§ RECORDS FOR THIS EXERCISE:
---
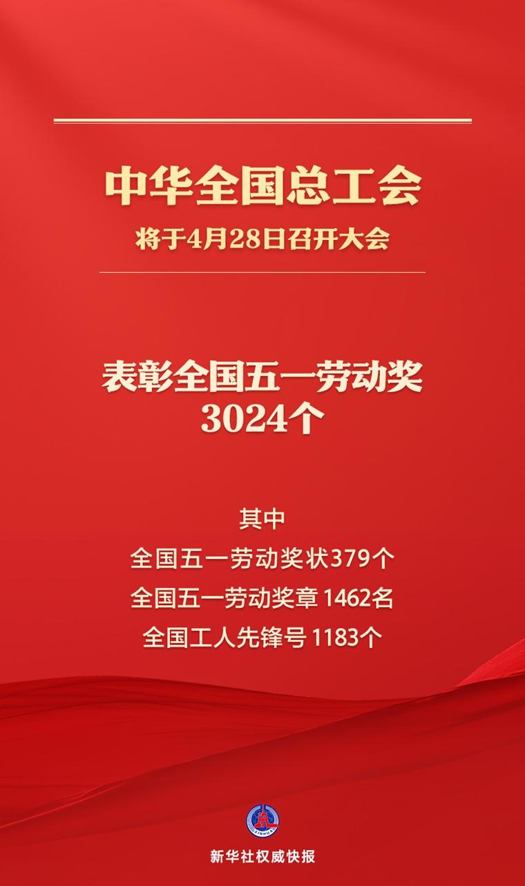新华社北京4月27日电(记者樊曦)“五一”国际劳动节即将到来。记者27日从中华全国总工会获悉,全国总工会将于4月28日召开庆祝“五一”国际劳动节暨全国五一劳动奖表彰大会,届时将表彰全国五一劳动奖3024个,其中全国五一劳动奖状379个、全国五一劳动奖章1462名、全国工人先锋号1183个。
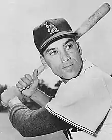 He was the starting second baseman in the Angels' first-ever American League game on April 11, 1961, against the Baltimore Orioles. Batting second in the lineup behind Eddie Yost, Aspromonte went one-for-four at the plate, making one error in eight chances in the field, as Los Angeles won, 7–2.[1] But Aspromonte struggled at the bat through the season's early weeks, and was hitting only .223 when he was placed on waivers and claimed by his old team, the Indians, on July 3. Relegated to a utility role, he played in only 42 games over a full calendar year for Cleveland. Then his contract was sold to the Braves, where Aspromonte backed up second baseman Frank Bolling and third baseman Eddie Mathews for the remainder of 1962. The Cubs acquired him in a midwinter deal, but he collected only five hits in 34 at bats in a utility role during the first two months of the 1963 campaign, and he was sent to the Pacific Coast League, where he finished his U.S. pro career. As a big-leaguer, he appeared in 475 games; his 369 hits included 69 doubles, three triples and 19 home runs.
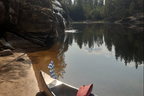 Der vierte Tag war wohl der heißeste Tag. Wir dachten schon wir hätten uns vielleicht in den warmen Süden verirrt. Wir fuhren schon früh los und machten eine längere Mittagspause incl. Abkühlung im See. Anschließend überquerten wir bei Töchsfors den See und erkundeten eine Bucht mit einem wunderschönen Wasserfall und Sandstrand.
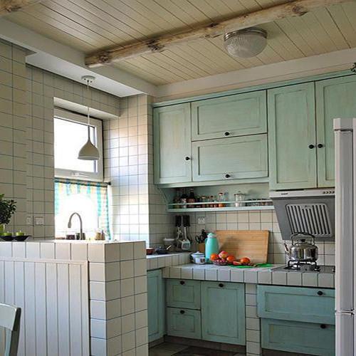 4、橱柜的购买与安装。灶台与瓷砖都安装好之后,橱柜就应该进场了。装家网设计师建议在选购橱柜时一定要货比三家,作为厨房电器中唯一的大件,橱柜的选择要考虑家中水电分布,天然气管道分布,颜色与整体风格的搭配。
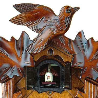 Часы выполнены из дерева в форме домика и декорированы резной птицей и листьями.
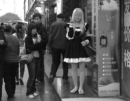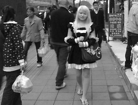 在人潮如織的大街上,一位身穿黑色女仆裝的金發(fā)女孩,正悠然自得地閑逛著——這仿佛日本動畫片中的場景,前日下午,竟在大坪正街上演。原來,這位17歲的女孩,是一位地道的日系“動漫族”,有時(shí)候是女巫裝,有時(shí)則是人型電腦裝,幾乎每天她都會按照日本動漫角色的穿著出門。
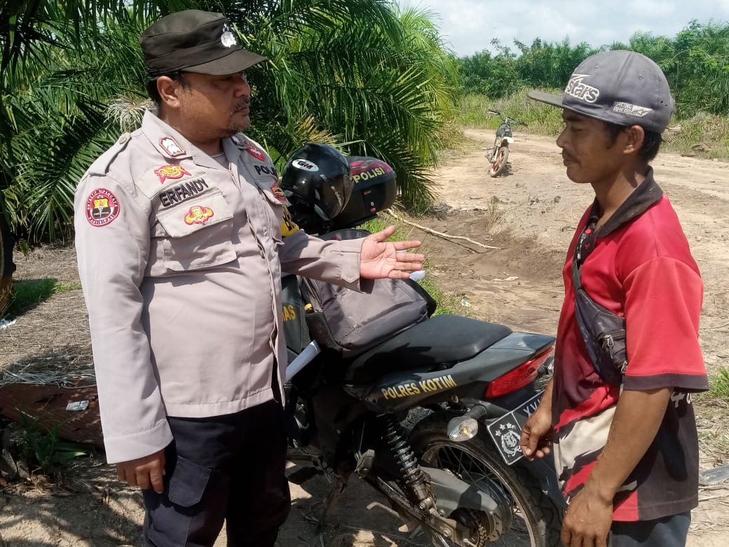 Polres Kotim –Sebagai upaya dini mencegah terjadinya kebakaran hutan dan lahan, Bhabinkamtibmas Polsek Ketapang Polres Kotim (Kotawaringin Timur) jajaran Polda Kalteng Aiptu Erfandy Dani Ardianto,S.H laksanakan sosialisasi larangan membakar hutan dan lahan (Karhutla, Jumat (7/11/2024) siang.
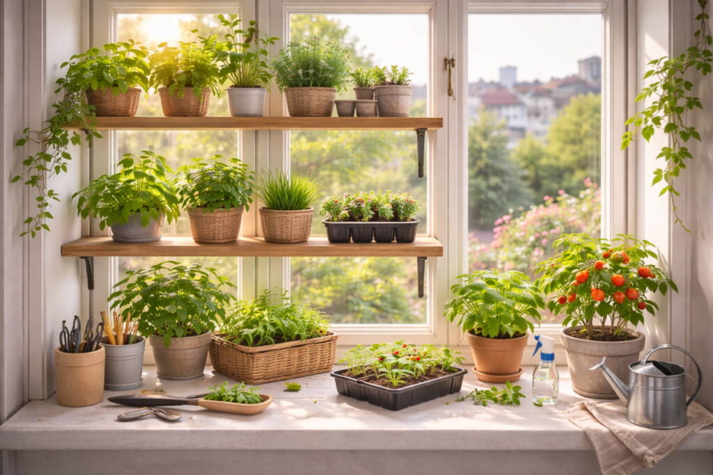 En vindueskarm-urtehave kan også bygges op som en lille “høstzone”. Sæt de urter, du bruger mest, tættest på der hvor du står mest, så de er lige ved hånden. Det gør det nemmere at få dem brugt, og det er ofte det, der gør forskellen mellem en vindueskarm, der bare er pynt, og en indendørs køkkenhave, der faktisk bliver en del af hverdagen.
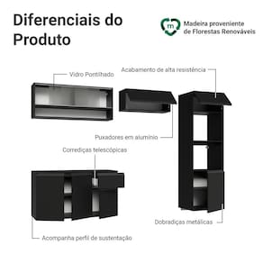 Com acabamento preto, que valoriza o ambiente com um visual marcante e contemporâneo. Os puxadores em cinza titanium complementam o conjunto com elegância.
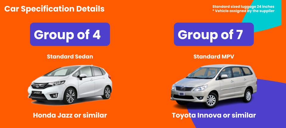 这取决于您的团体规模。4 人团体选择本田 Jazz 或类似车型,7 人团体选择丰田 Innova 或类似车型
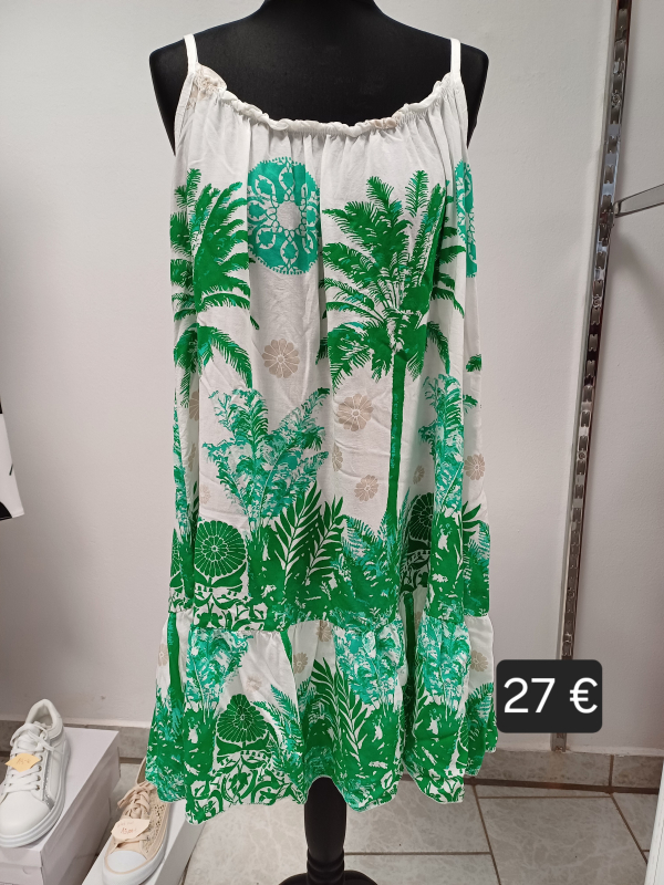 Kleid Dressplaner Spaghettiträger Druck Palmen grün in Einheitsgröße (passt bis Gr. 42) Material:95% Baumwolle, 5% Elasthan, Länge 89 cm luftiges Kleidchen, kleine Falbel als Abschluß
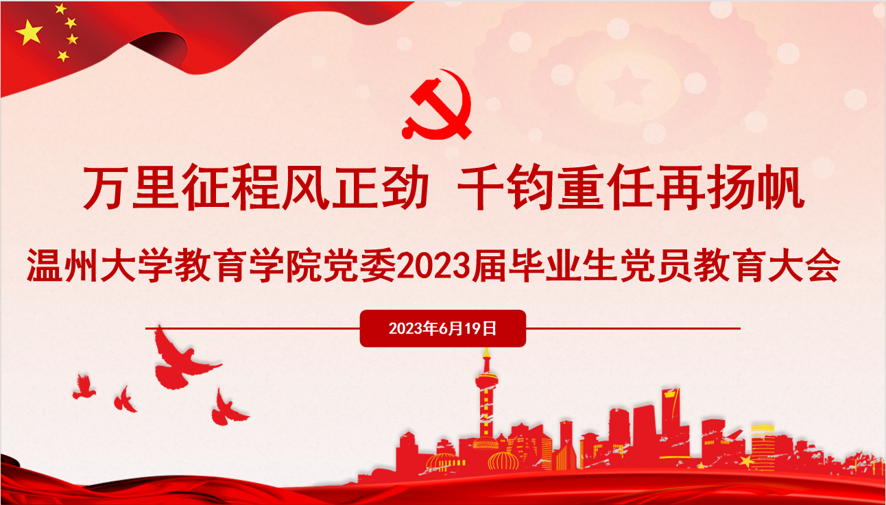 万里征程风正劲,千钧重任再扬帆。我院通过“七个一”特色毕业生党员教育活动——忆一次往昔、颁一次聘书、固一次信念、悟一次初心、倡一次廉洁、温一次誓言、送一次祝福和学一次党识,引导毕业生党员坚定共产主义远大理想和中国特色社会主义共同理想,不忘入党初心,明确社会责任,增强奉献意识,发挥党员作用。我院全体毕业生党员也将不断涵养自身“博爱雅艺”师范气质,在未来的工作、学习和生活中,永葆党员先进性,把自己的小我融入祖国的大我、人民的大我之中,到祖国最需要的地方建功立业,用青春的能动力和创造力激荡起民族复兴的澎湃春潮,为实现中华民族伟大复兴中国梦贡献青春和力量。
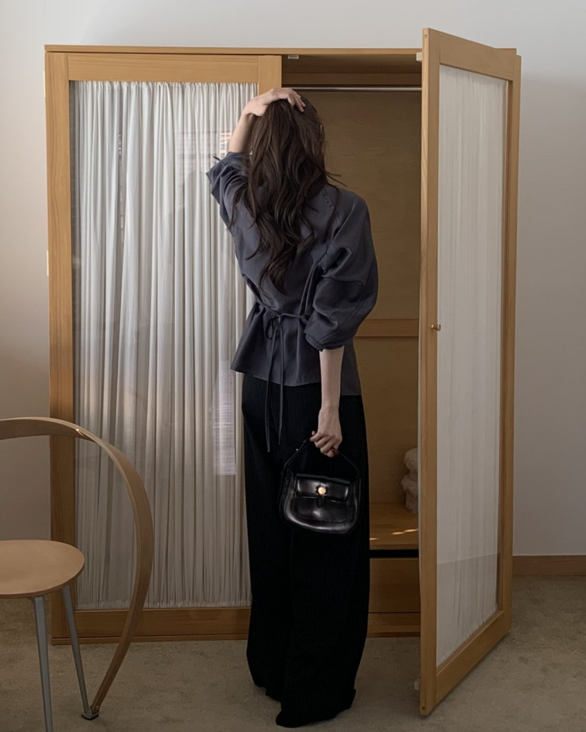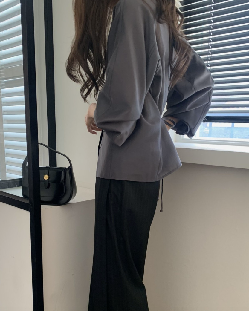 Made from silky Tencel fabric, this piece features comfortable raglan sleeves and a classic collar design with a button-down closure. It also includes a detached waist sash to create a slimmer, more defined waistline.
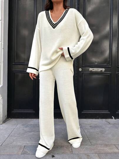 SHEIN Cottnline 條紋飾邊落肩袖套頭毛衣和針織褲 - 白色 - 查看 1
---
§ HOW TO COMPLETE THIS TASK: Omitting all pictures, restate exactly the lines of the material from its start through the line that contains "Polres Kotim –Sebagai".

§ RESPONSE AREA:
新华社北京4月27日电(记者樊曦)“五一”国际劳动节即将到来。记者27日从中华全国总工会获悉,全国总工会将于4月28日召开庆祝“五一”国际劳动节暨全国五一劳动奖表彰大会,届时将表彰全国五一劳动奖3024个,其中全国五一劳动奖状379个、全国五一劳动奖章1462名、全国工人先锋号1183个。
 He was the starting second baseman in the Angels' first-ever American League game on April 11, 1961, against the Baltimore Orioles. Batting second in the lineup behind Eddie Yost, Aspromonte went one-for-four at the plate, making one error in eight chances in the field, as Los Angeles won, 7–2.[1] But Aspromonte struggled at the bat through the season's early weeks, and was hitting only .223 when he was placed on waivers and claimed by his old team, the Indians, on July 3. Relegated to a utility role, he played in only 42 games over a full calendar year for Cleveland. Then his contract was sold to the Braves, where Aspromonte backed up second baseman Frank Bolling and third baseman Eddie Mathews for the remainder of 1962. The Cubs acquired him in a midwinter deal, but he collected only five hits in 34 at bats in a utility role during the first two months of the 1963 campaign, and he was sent to the Pacific Coast League, where he finished his U.S. pro career. As a big-leaguer, he appeared in 475 games; his 369 hits included 69 doubles, three triples and 19 home runs.
 Der vierte Tag war wohl der heißeste Tag. Wir dachten schon wir hätten uns vielleicht in den warmen Süden verirrt. Wir fuhren schon früh los und machten eine längere Mittagspause incl. Abkühlung im See. Anschließend überquerten wir bei Töchsfors den See und erkundeten eine Bucht mit einem wunderschönen Wasserfall und Sandstrand.
 4、橱柜的购买与安装。灶台与瓷砖都安装好之后,橱柜就应该进场了。装家网设计师建议在选购橱柜时一定要货比三家,作为厨房电器中唯一的大件,橱柜的选择要考虑家中水电分布,天然气管道分布,颜色与整体风格的搭配。
 Часы выполнены из дерева в форме домика и декорированы резной птицей и листьями.
 在人潮如織的大街上,一位身穿黑色女仆裝的金發(fā)女孩,正悠然自得地閑逛著——這仿佛日本動畫片中的場景,前日下午,竟在大坪正街上演。原來,這位17歲的女孩,是一位地道的日系“動漫族”,有時(shí)候是女巫裝,有時(shí)則是人型電腦裝,幾乎每天她都會按照日本動漫角色的穿著出門。
 Polres Kotim –Sebagai upaya dini mencegah terjadinya kebakaran hutan dan lahan, Bhabinkamtibmas Polsek Ketapang Polres Kotim (Kotawaringin Timur) jajaran Polda Kalteng Aiptu Erfandy Dani Ardianto,S.H laksanakan sosialisasi larangan membakar hutan dan lahan (Karhutla, Jumat (7/11/2024) siang.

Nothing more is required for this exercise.